----- Input data

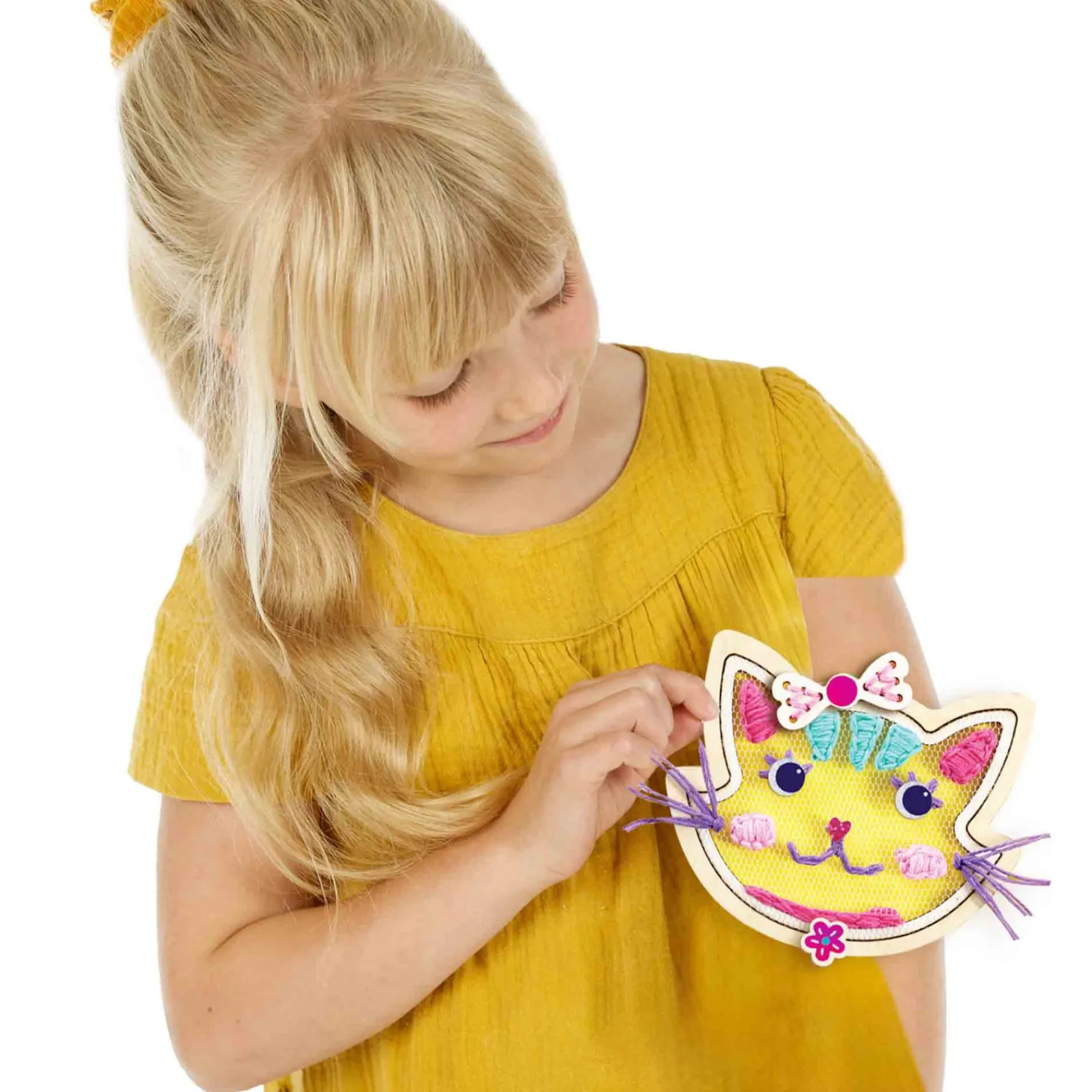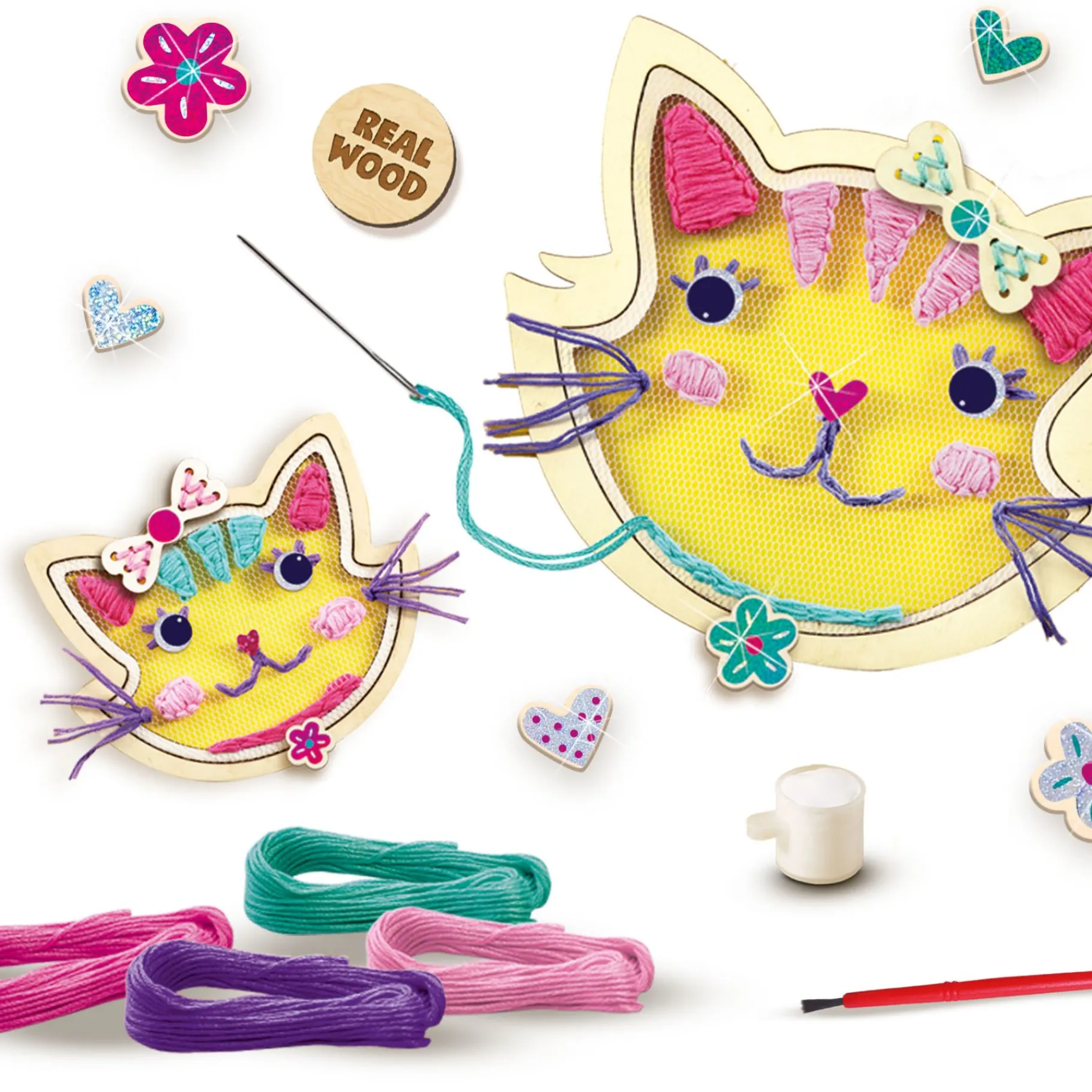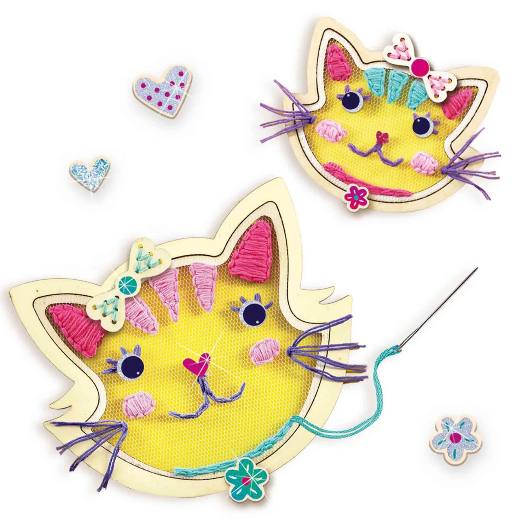 Verpakkinginhoud: 2 houten borduurringen in de vorm van katten; Roze tule; Borduurnaald; Lichtroze borduurgaren; Glinsterende glitterstickers.
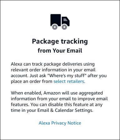 在下一个屏幕上,Alexa 将通过搜索您的电子邮件以获取订单确认和交付状态来帮助您跟踪包裹交付。
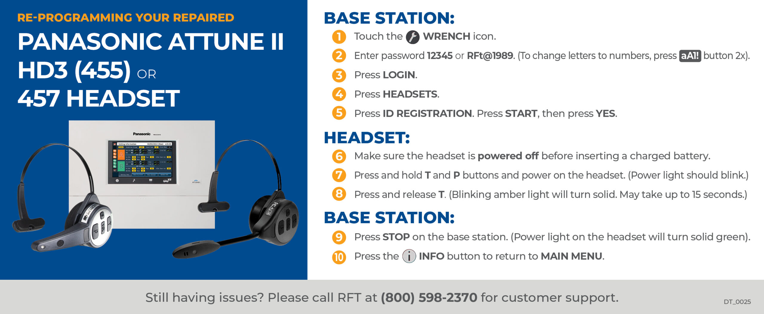 The following instructions are for use with an HME ION 6100 headset and the HME ION 6100 base station.
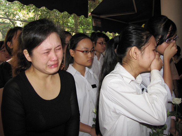 | Người thân, thầy cô, bạn bè khóc thương hai em. |
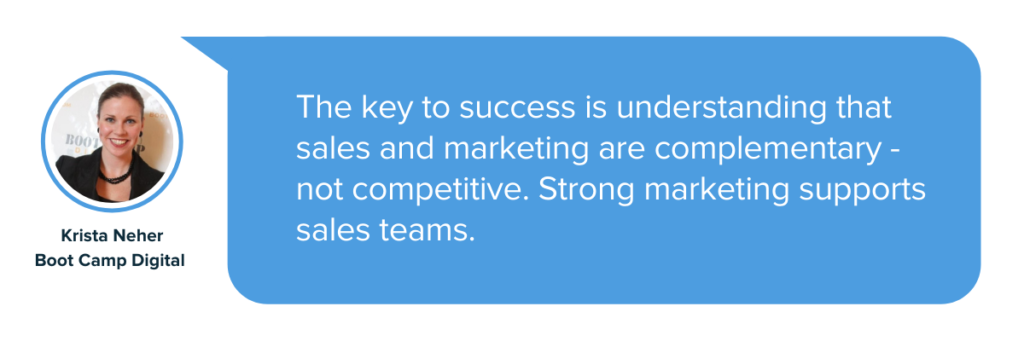 正如 Boot Camp Digital 首席執行官 Krista Neher 所說:“成功的關鍵在於了解銷售和營銷是互補的,而不是競爭。 強大的營銷支持銷售團隊。”
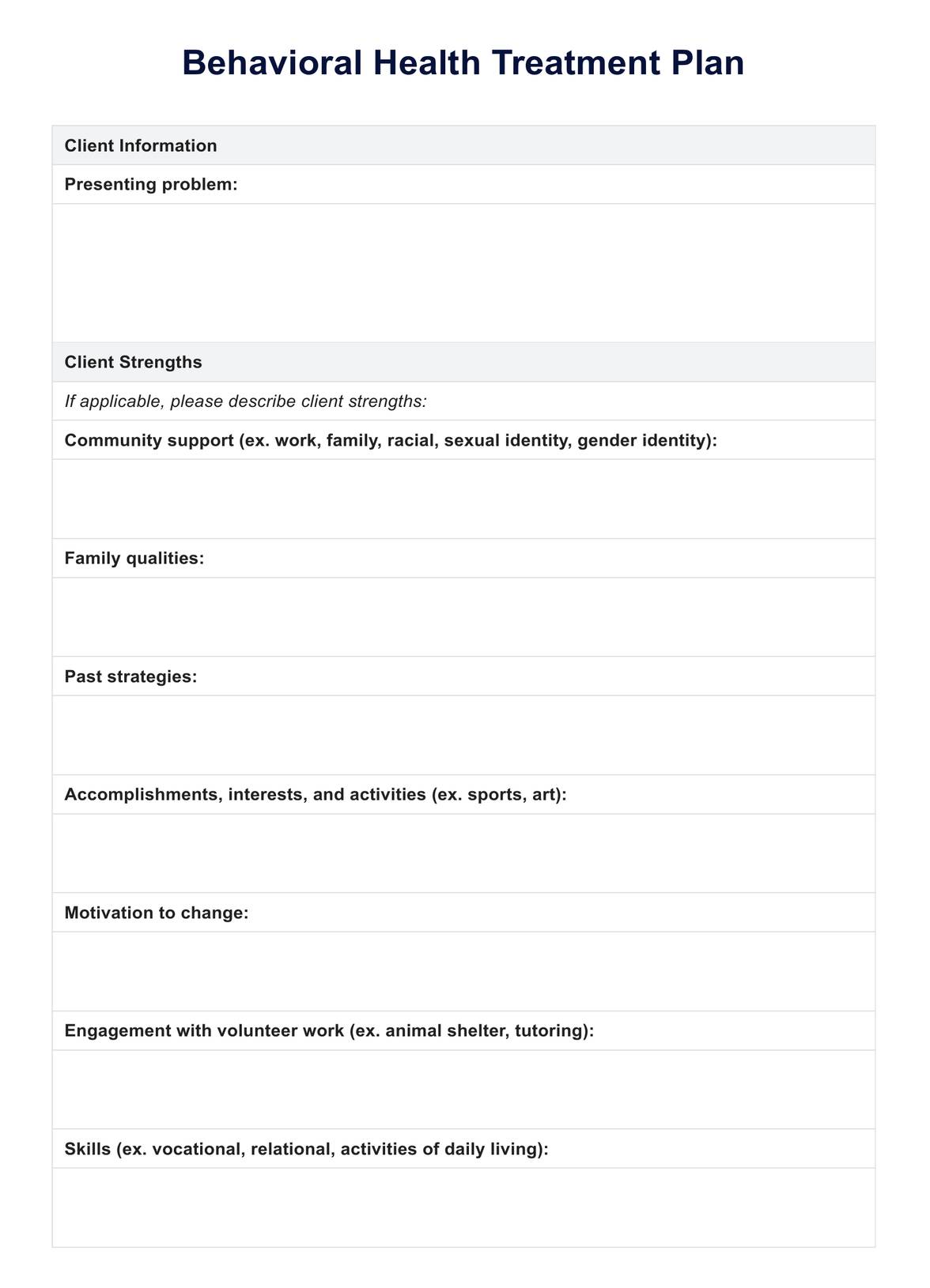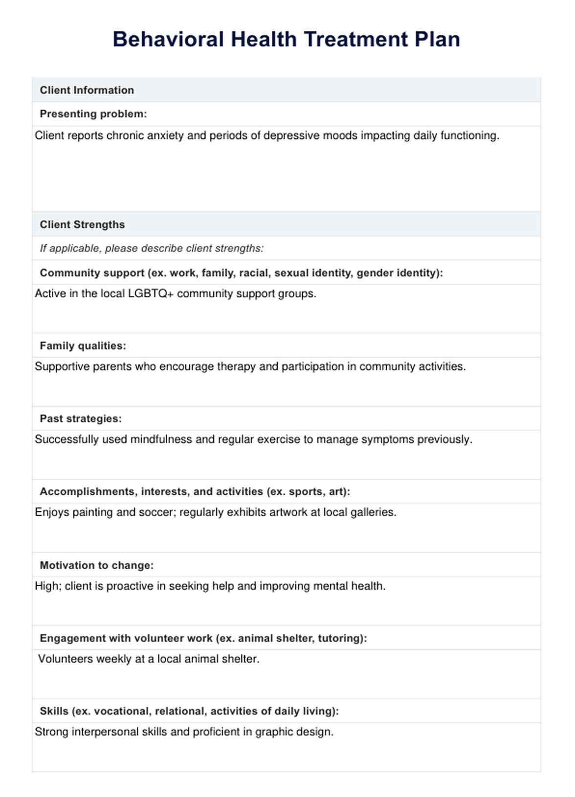 Behavioral Health Treatment Plan Template

----------

Required work — Nothing but the lines from the one containing "在下一个屏幕上,Alexa 将通过搜索您" to the last line of the records should be returned, exactly as they appear and without pictures.

Answer to this problem —
 在下一个屏幕上,Alexa 将通过搜索您的电子邮件以获取订单确认和交付状态来帮助您跟踪包裹交付。
 The following instructions are for use with an HME ION 6100 headset and the HME ION 6100 base station.
 | Người thân, thầy cô, bạn bè khóc thương hai em. |
 正如 Boot Camp Digital 首席執行官 Krista Neher 所說:“成功的關鍵在於了解銷售和營銷是互補的,而不是競爭。 強大的營銷支持銷售團隊。”
 Behavioral Health Treatment Plan Template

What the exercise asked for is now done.